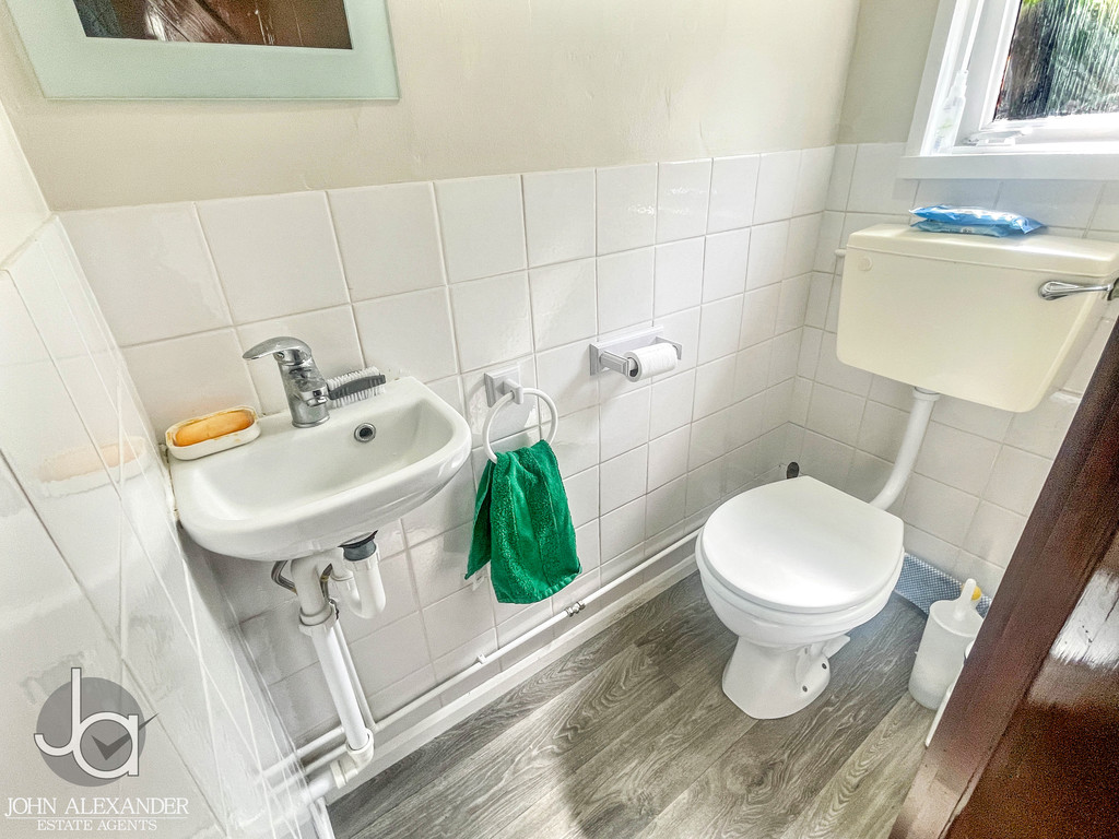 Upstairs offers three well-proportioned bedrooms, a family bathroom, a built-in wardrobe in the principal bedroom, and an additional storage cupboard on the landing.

========================================

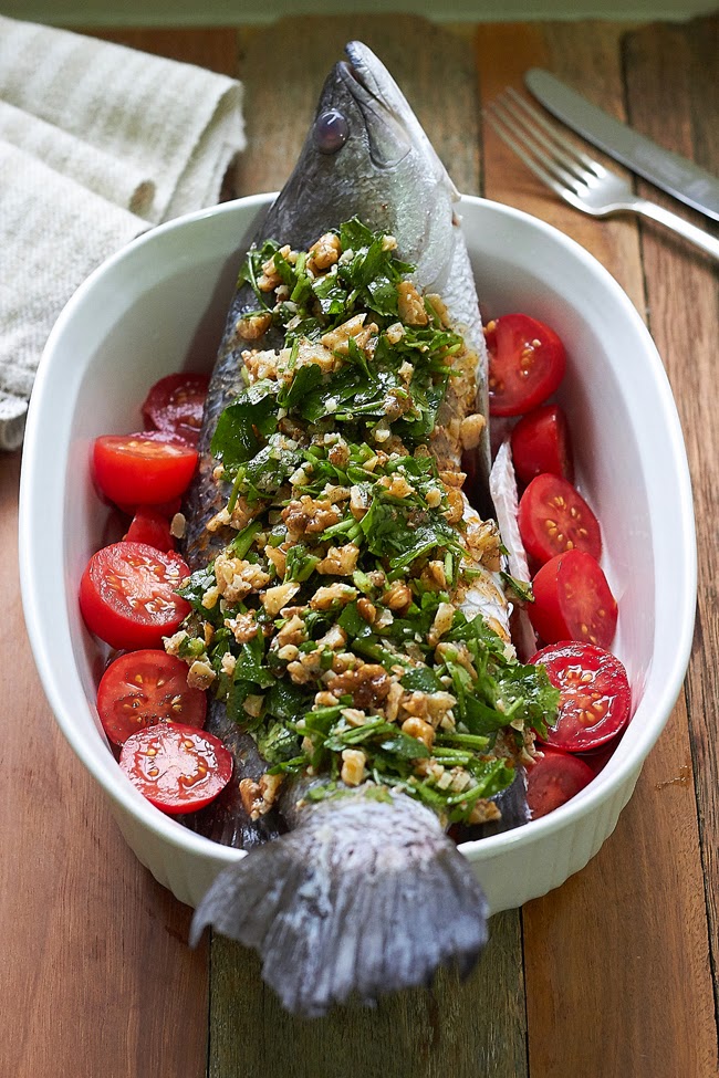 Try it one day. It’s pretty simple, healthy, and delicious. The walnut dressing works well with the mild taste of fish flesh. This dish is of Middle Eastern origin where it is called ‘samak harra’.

========================================

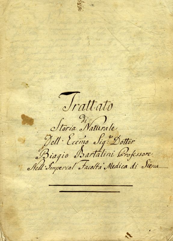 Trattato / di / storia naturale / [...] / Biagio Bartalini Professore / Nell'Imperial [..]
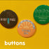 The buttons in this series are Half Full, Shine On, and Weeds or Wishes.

========================================

▶ **What the exercise asks**
Begin at the line in the entries above that has "Trattato / di", stop after the line that has "The buttons in", and output exactly those lines without pictures.

▶ **Response box**
 Trattato / di / storia naturale / [...] / Biagio Bartalini Professore / Nell'Imperial [..]
 The buttons in this series are Half Full, Shine On, and Weeds or Wishes.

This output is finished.